Source: Governor's Office of Health Transformation

Ohio Medicaid released the first report of its kind in the nation that shows the price the state’s Medicaid managed care plans pay for prescription drugs, the amount pharmacy benefit managers (PBMs) retain to administer the program, and the amount paid to pharmacies. The report was prepared by HealthPlan Data Solutions (HDS) based on one year of actual pharmacy claims data.

Now that the total amount paid per prescription is known for pharmacies ($59.90) and PBMs ($5.77), Ohio’s taxpayers, legislators, managed care plans and others are in a better position to assess whether or not the products and services provided for that price is fair. In addition, HDS identified the following: 

  • the spread between what was billed to plans and paid to pharmacies is 8.8 percent,
  • independent pharmacies were paid more than CVS pharmacies for the same drugs, and
  • Medicaid health plan PBM pricing saves Ohio taxpayers at least $145 million annually compared to fee-for-service pricing (savings increase to at least $245 million annually when revenue generated from managed care pharmacy benefit fees is included).

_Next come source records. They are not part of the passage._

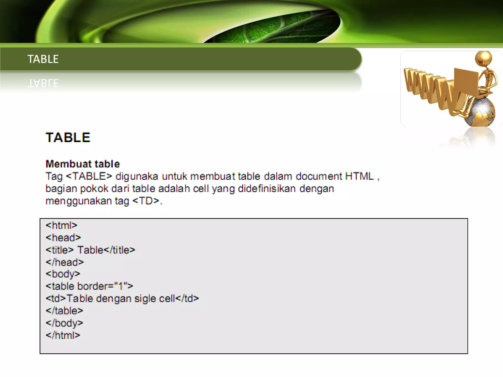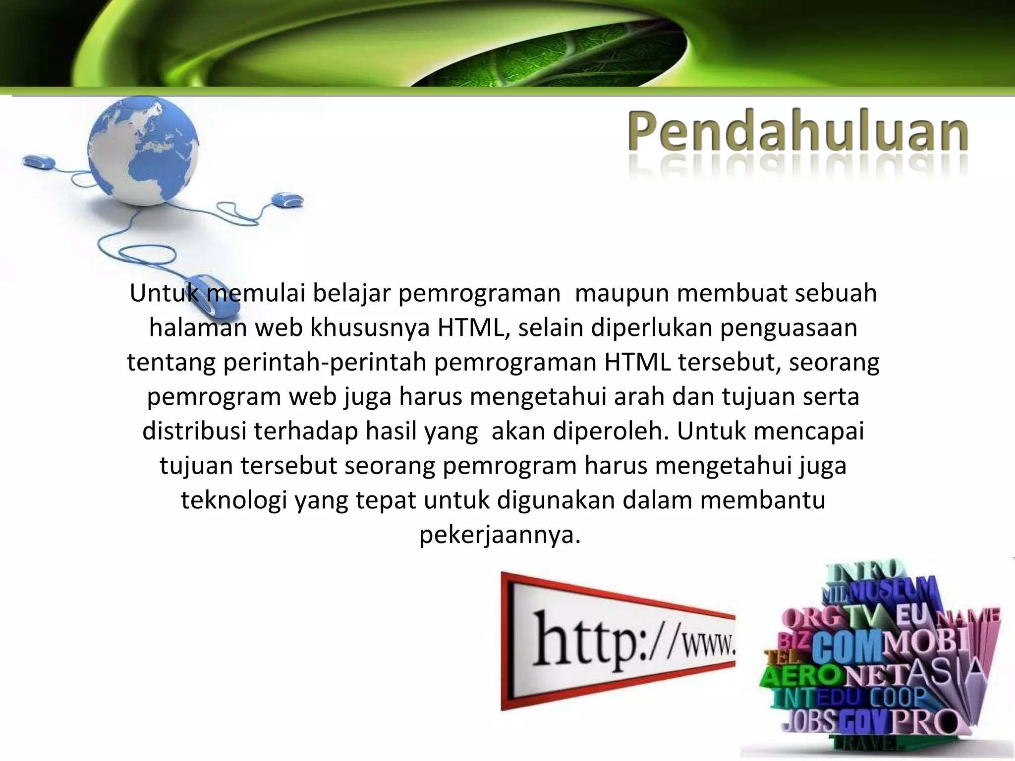 Untuk membuat halaman web diperlukan penguasaan HTML dan tujuan distribusi informasi. Teknologi seperti web server dan HTTP digunakan untuk mengirim dokumen HTML antara server dan browser. Dokumen HTML terdiri dari bagian header, body, dan properti untuk mengatur tampilan teks dan latar belakang.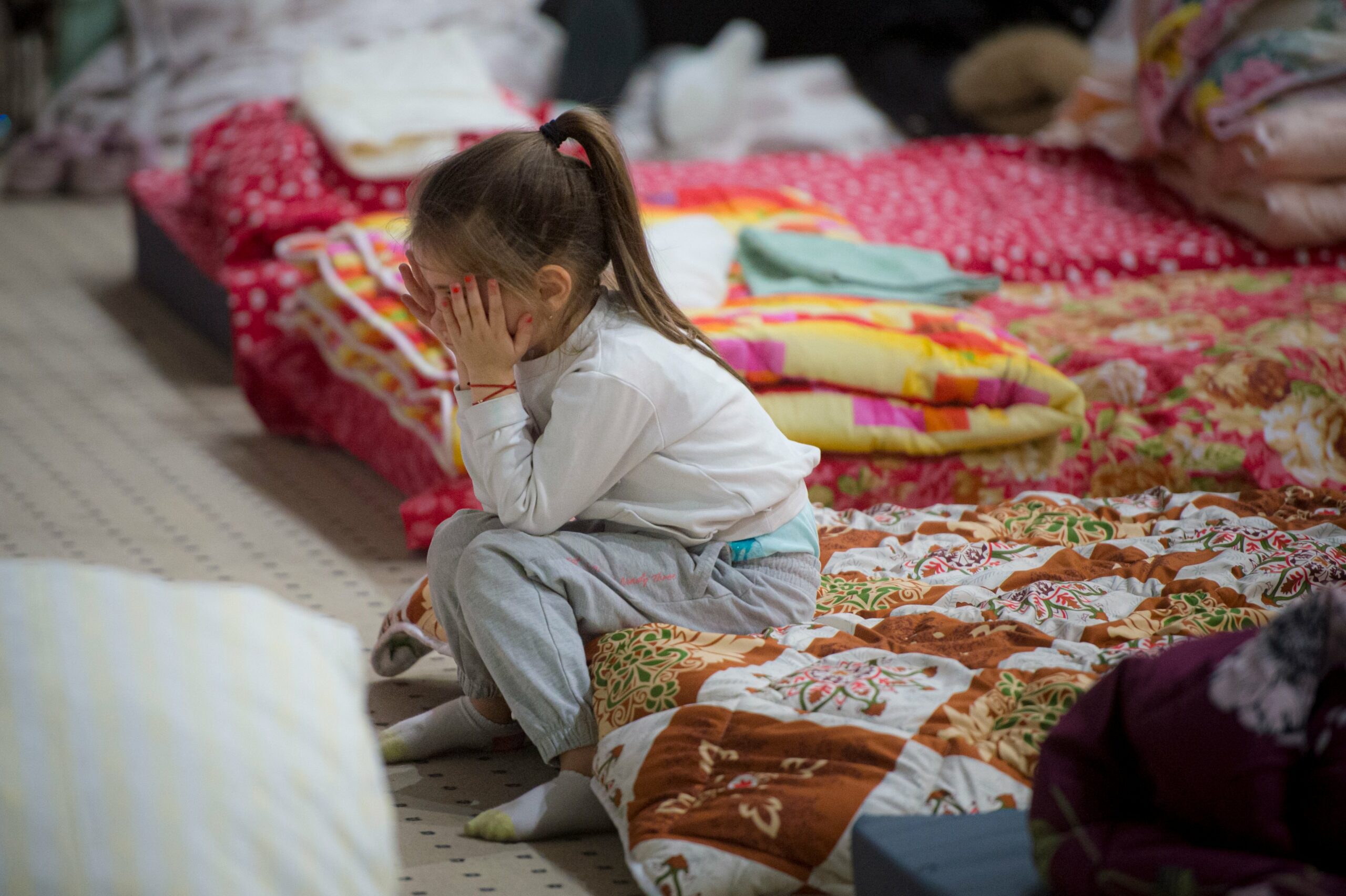 Fotografia dimineții – O fetiță din Ucraina, refugiată în România, își acoperă fața. AP Photo/Alexandru Dobre: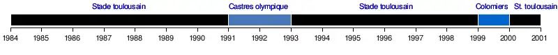 - ↑ Date exacte non connue. Dans les années 1960, une liste de cinq clubs aveyronnais est dressée, ces derniers étant partagés entre trois différents comités territoriaux, le Languedoc, le Limousin, et les Pyrénées[8]. Entre autres, le club aveyronnais du Stade olympique millavois est enregistré parmi les clubs du comité des Pyrénées évoluant en première division du championnat de France lors de la saison 1946-1947, puis en 1976-1977 et 1977-1978[9]. Le Stade ruthénois est quant à lui enregistré au moins depuis la saison 1970-1971, et de manière plus générale à plusieurs reprises dans les années 1970 et 1990[10]. En 1971-1972, le Sporting Club decazevillois est également enregistré auprès du Stade ruthénois[11].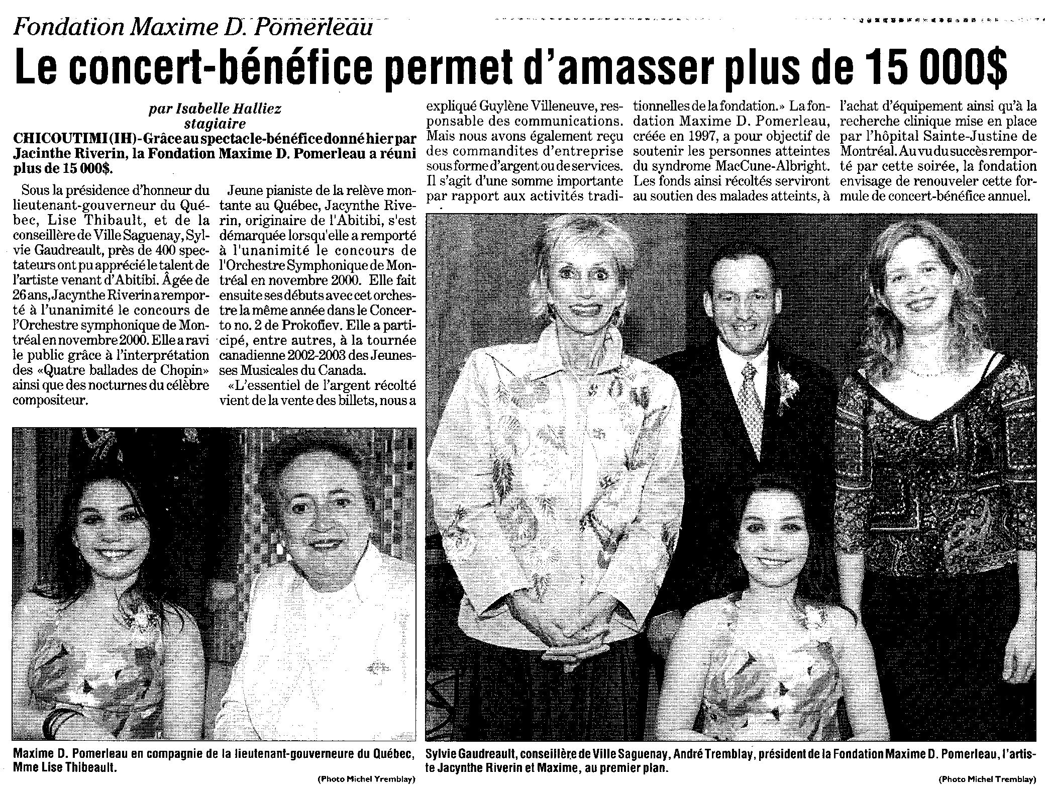 Concert pour la Fondation Maxime Pomerleau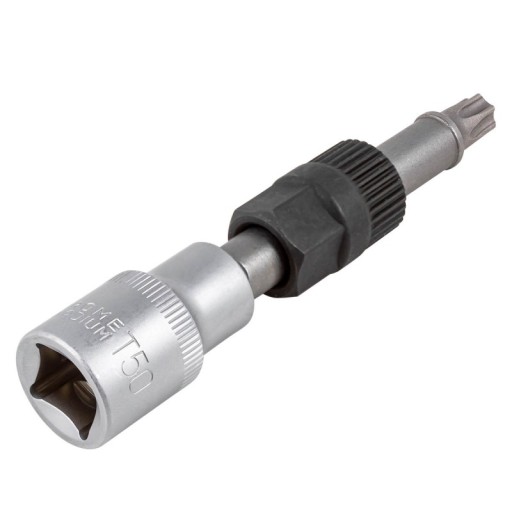 Głowica w kształcie TORX T50 jest idealnie dostosowana do zabezpieczeń sprzęgiełek alternatora, zapewniając pewne i skuteczne chwycenie elementu. To narzędzie szczególnie przydatne przy demontażu sprzęgiełek, które są zabezpieczone specjalnymi śrubami TORX. Dzięki temu kluczowi, użytkownik może łatwo i skutecznie zdjąć sprzęgło sprzęgiełka alternatora bez ryzyka uszkodzeń.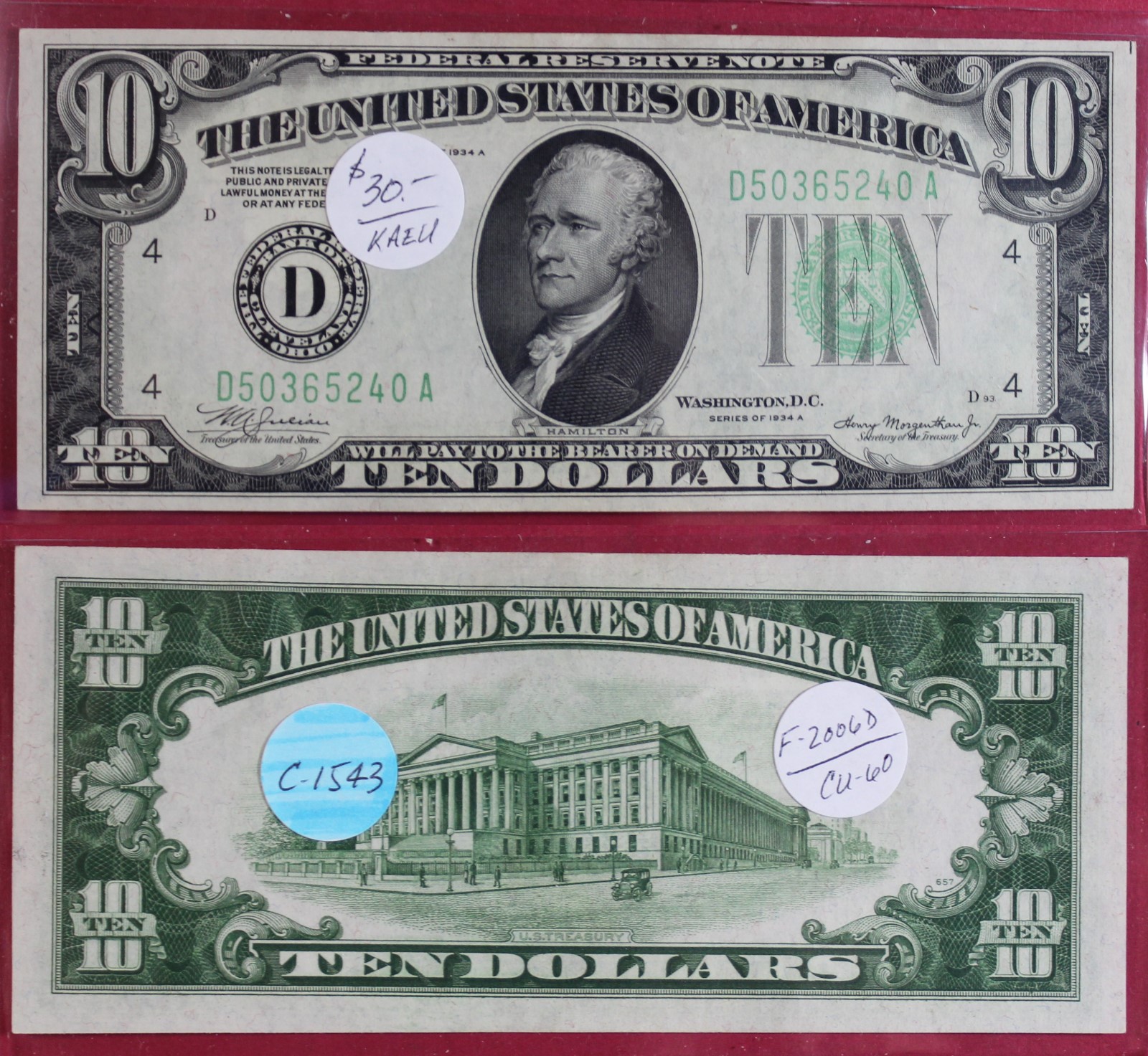 SMALL | $10.00 | FED. RES. | 1934-A | FR-2006D | CU-60 | $30.00 |

Ohio Medicaid will use this information to drive further innovation in pharmacy benefit administration. Specifically, Ohio Medicaid will require managed care plans to notify the state of any changes they plan to make as a result of the report, and Medicaid will use the HDS report to inform the state’s process of managed care rate setting in November for calendar year 2019. Ohio Medicaid also will monitor PBM pricing quarterly and publicly report if at any point the quarterly review raises a concern.